When I was training to be a journalist a few years ago, one of the reporters who taught us, Reg Scott, who went on to become Lord Mayor of Plymouth, memorably said: "Every journalist should write a bloody book."

The thought's always stayed with me, and even though I turned my back on journalism in 1988 for the odious world of PR and advertising, I've no doubt that oneday I'll churn something out.

It won't be Dostoyevsky though or even a Mills & Boon. I'm afraid that my populist tastes mean that my two book ideas at the moment are:
1) The Potato Diet
2) What happened after Extreme Makeover? (This is probably more like a magazine article than a book).

On (1), back in 2004 I lost around 2.5 stones (that's 35 pounds for my US chums), largely thanks to the potato. At that time Atkins had become all the rage, and I did try it for six weeks but never felt comfortable about the lack of fruit and veg and the disgusting amounts of cream and fat. I started having, every day at the work cafeteria, a jacket potato with smoked mackeral and salad.
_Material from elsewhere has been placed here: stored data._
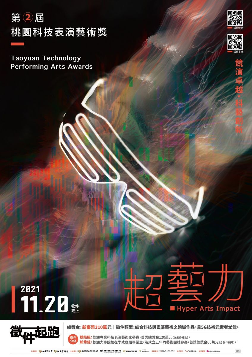 桃園市政府辦理第二屆「桃園科技表演藝術獎」,以「超藝力」為主題,分為競技組與新秀組,總獎金為新臺幣310萬元,自110年9月20日起至11月20日止開放網路報名,得獎作品將安排於「2022TAxT桃園科技藝術節」進行演出,詳細辦法請見附件資訊。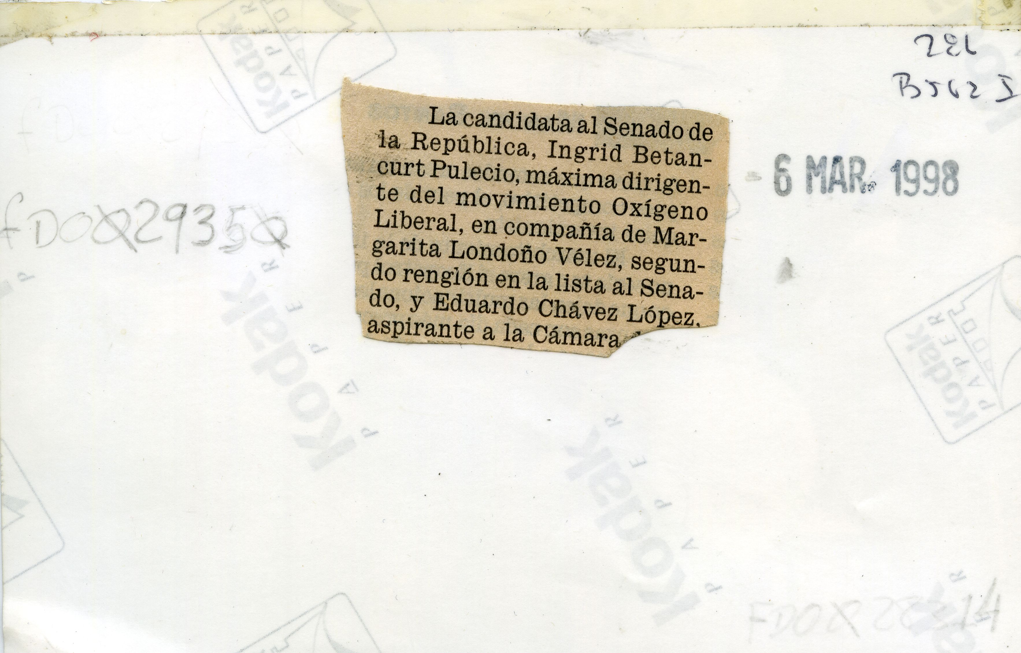 "Íngrid Betancourt Pulecio nació en Bogotá el 25 de diciembre de 1961. Politóloga y Política. Inició su carrera política en la Cámara de Representantes. Fue reconocida por su lucha contra la corrupción política. Apoyó la salida pacífica del conflicto armado de Colombia. Renunció al Partido Liberal tras denunciar la crisis del Proceso 8.000. Se postuló por el Partido verde Oxígeno al Senado en las elecciones legislativas del año 1998, donde fue electa con la primera mayoría nacional. Renunció a su escaño en 2001 para postularse a la presidencia de su país en las elecciones 2002 - 2004. El 23 de febrero de 2002, fue secuestrada cuando se dirigía a la zona de distensión establecida por el regente presidente Andrés Pastrana. Con este acontecimiento, ganaría la solidaridad de muchos seguidores, convirtiéndose en una causa célebre. El 2 de julio de 2008 la Fuerza Pública realizaron una operación de inteligencia militar; resultado de esto, se da su liberación junto con tres contratistas estadounidenses y once miembros del Ejército Nacional que habían permanecido secuestrados, algunos por más de diez años. Después de su liberación, se residencia con su familia a Francia, dedicándose a trabajar por las víctimas del terrorismo. Condecoraciones: Caballero de la Orden Nacional de la Legión de Honor, Premio TV y Novelas México, Honorary citizen of Paris 2002, Petra-Kelly-Preis 2002, Medalla Geuzen 2004, Premio M100 Media 2008, Premio Princesa de Asturias de la Concordia 2008, 100 Mujeres de la BBC 2013. En la foto aparece Ingrid Betancourt en la plazoleta del CAM, comparte con sus compañeros de formula Eduardo Chávez López y Margarita Londoño Vélez."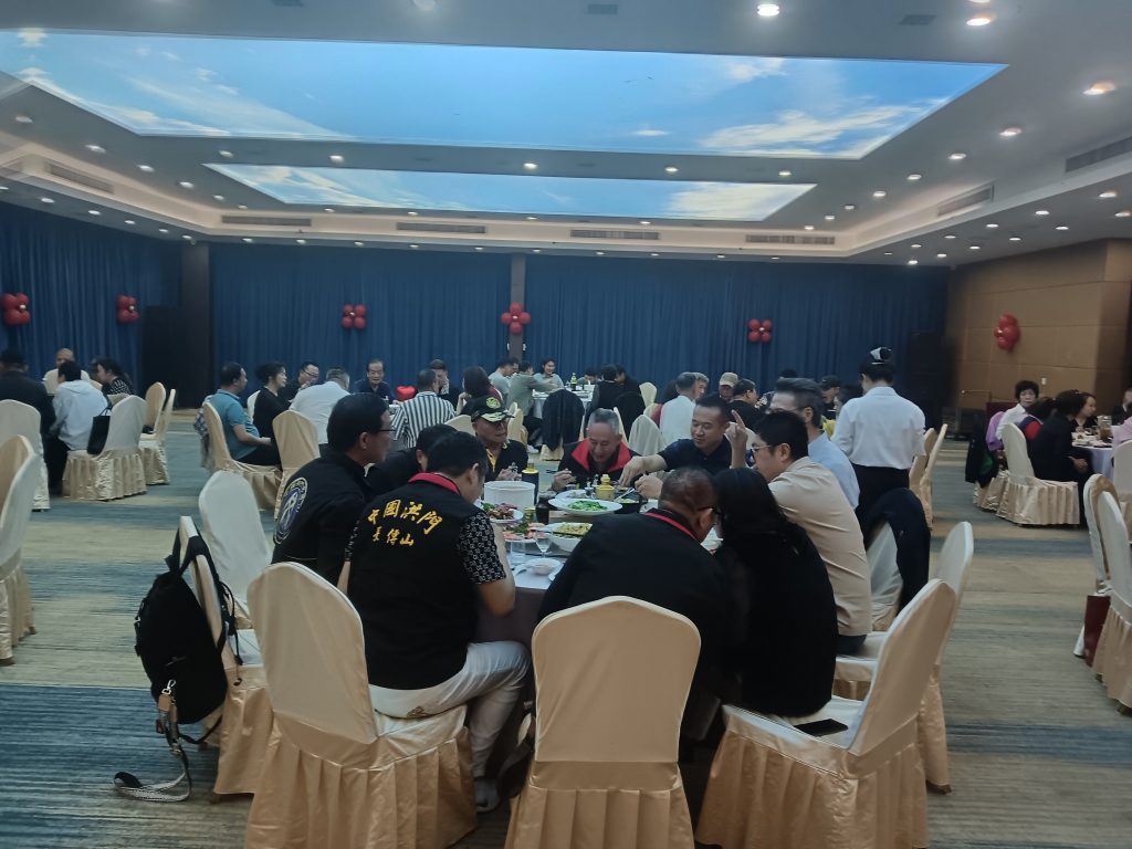 當日晚7点,藍灣大飯店宴會廳內張燈結彩,兩岸洪門旗幟並列高懸,與會昆仲身著正裝,胸前佩戴徽章,神情肅穆而熱切。來自台灣的「道德山」、「太華山」、「泰魯山」、「九蓮山」、「長傳山」等各山頭的山主及代表,與廈門致公黨相關人士、「聖禮山」等大陸洪門代表,以及專程從泰國趕來的洪門貴賓,共計90餘人齊聚一堂。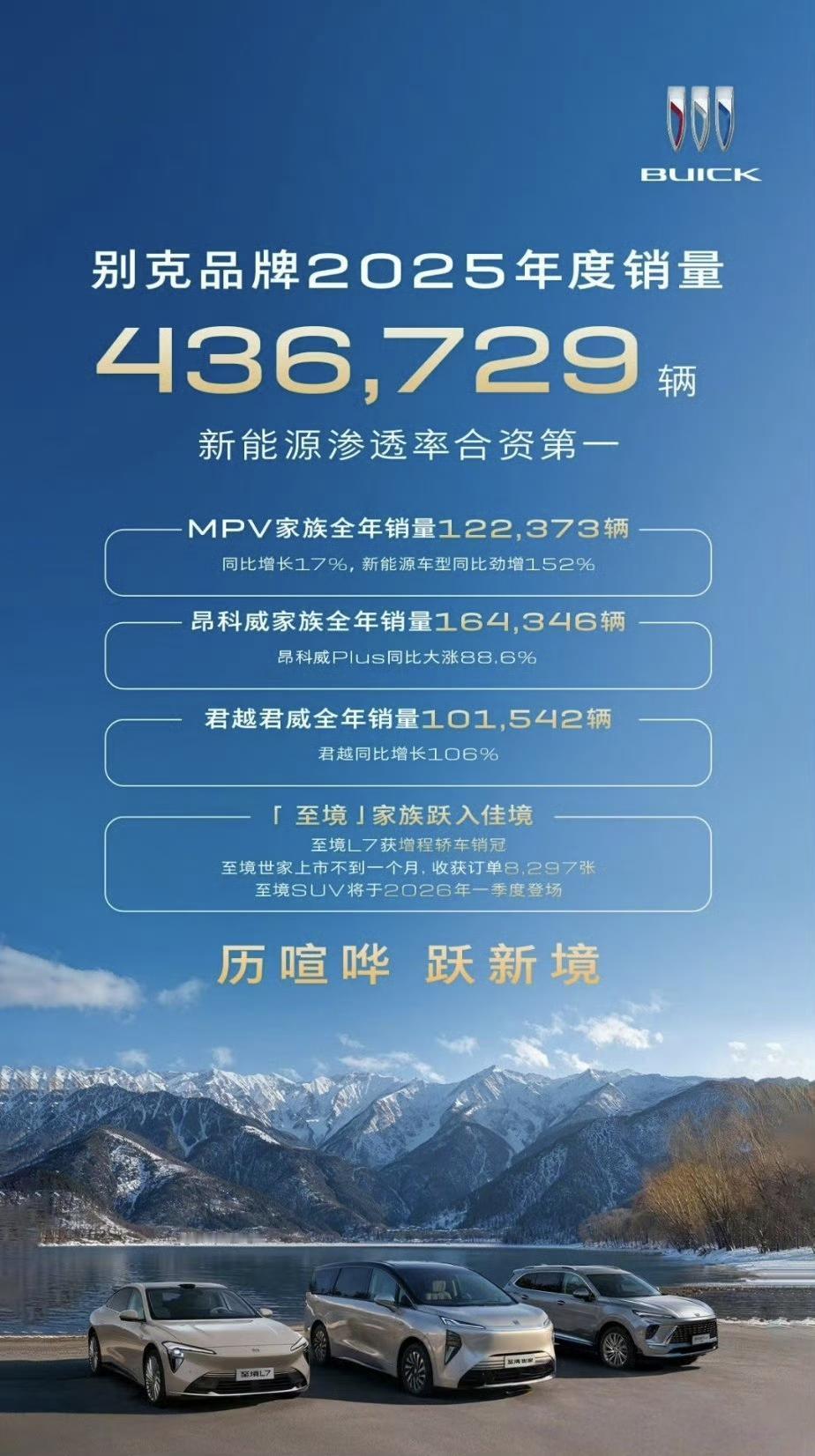 别克品牌2025年度销量43.6万辆,其中: 🚗MPV家族全年销量12.2万辆,同比增长17%,新能源车型同比劲增152%。 🚗昂科威家族全年销量16.4万辆,昂科威Plus同比大涨88.6%。 🚗君越君威全年销量10.1万辆,君越同比增长106%。 🚗至境L7获增程轿车销冠。 🚗至境世家上市不到一个月,收获订单8297张。 🚗至境SUV将于2026年一季度登场。 别克至境世家【来自懂车帝车友圈】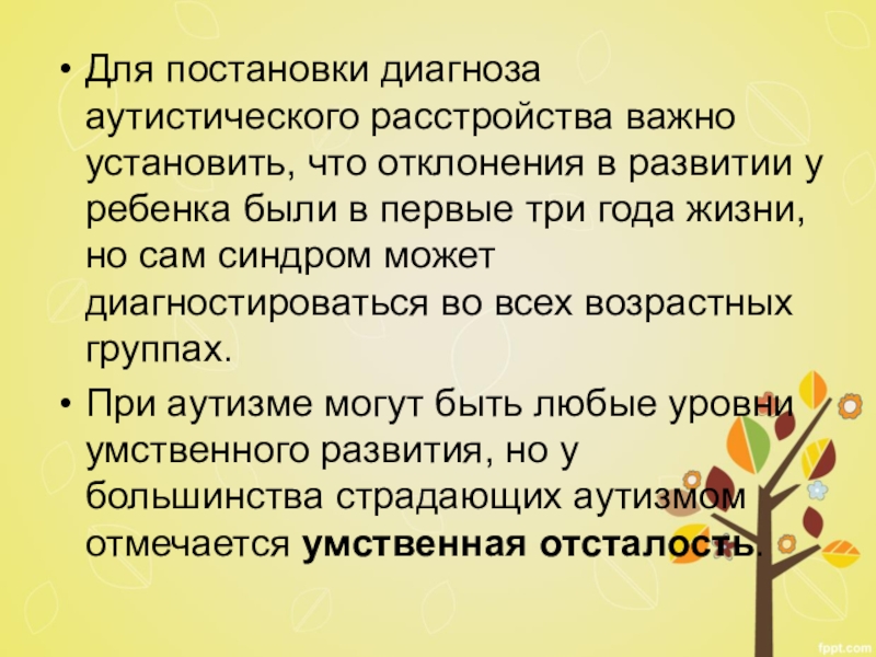 Слайд 17Для постановки диагноза аутистического расстройства важно установить, что отклонения в развитии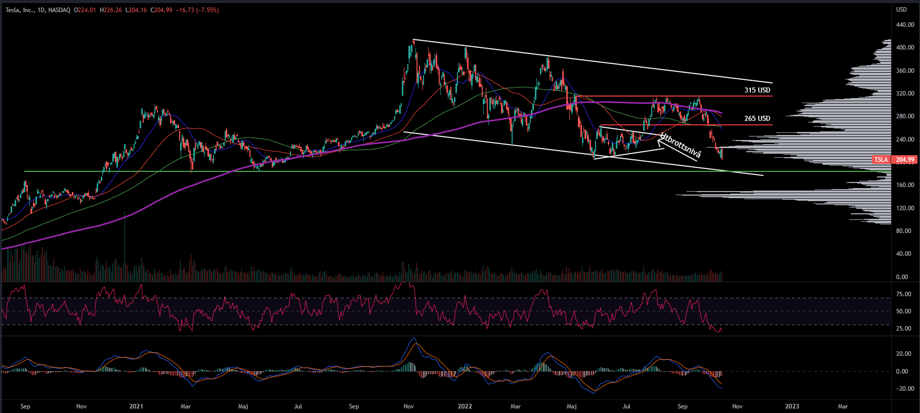 Under fredagens handel formades en Bearish Engulfing, en candlestick med negativ underton. Detta motiverar att aktiekursen kan falla mer kortsiktigt, i alla fall enligt den tekniska biten. Dock gäller det att göra en helhetsbedömning för att få en tydligare bild kring hur aktien kommer handlas. Vi kan se att Tesla har handlats inom en bred fallande trendkanal sedan all time high-noteringen som sattes november 2021. Nu befinner sig aktiekursen i den nedre delen av trendkanalen och vid tidigare skeden har aktiekursen lyckats studsa upp rätt så kraftigt ifrån dessa nivåer. Samtidigt ser vi att RSI noteras i det översålda territoriet vilket tidigare inneburit att en kortsiktig rekyl uppåt har tagit fart. Ha i åtanke att för att göra en mindre riskfylld entry så kan det det var värt att invänta ett utbrott ifrån det översålda territoriet (30-nivån). MACD har än så länge inte format ett positivt medelvärdeskors, detta skulle även vara något att invänta för en bättre entry.

I had a decent breakfast, and didn't need much for dinner. And gradually the weight fell off, plus I felt good. Potatoes are good for you. They still get a bad press. The GI diet for example only allows new potatoes served with protein to minimise their high GI (or is it a low GI?).

But the whole crux of dieting is that you should find one that works for you, and for me, potatoes are filling and comforting so I'm not bothered about all this pseudo nutritional guff about sugar surges and energy drops. All I know is that when I eat a high protein diet, I'm too fatigued to go to the gym.

The other book idea stems from my fascination with the US (and now UK) programme "Extreme Makeover." I would love to find out what happened a year or so after the makeover. I don't see how you can turn Randy from the Blue Ridge Mountains into a handsome stud who goes home to the wife whose looks approximated his when they married, and not expect trouble. Their confidence must soar; they must suddenly want to become sociable after hiding themselves away. Yet we never hear what happened. What do you think folks? Food for thought, or back to the drawing board?!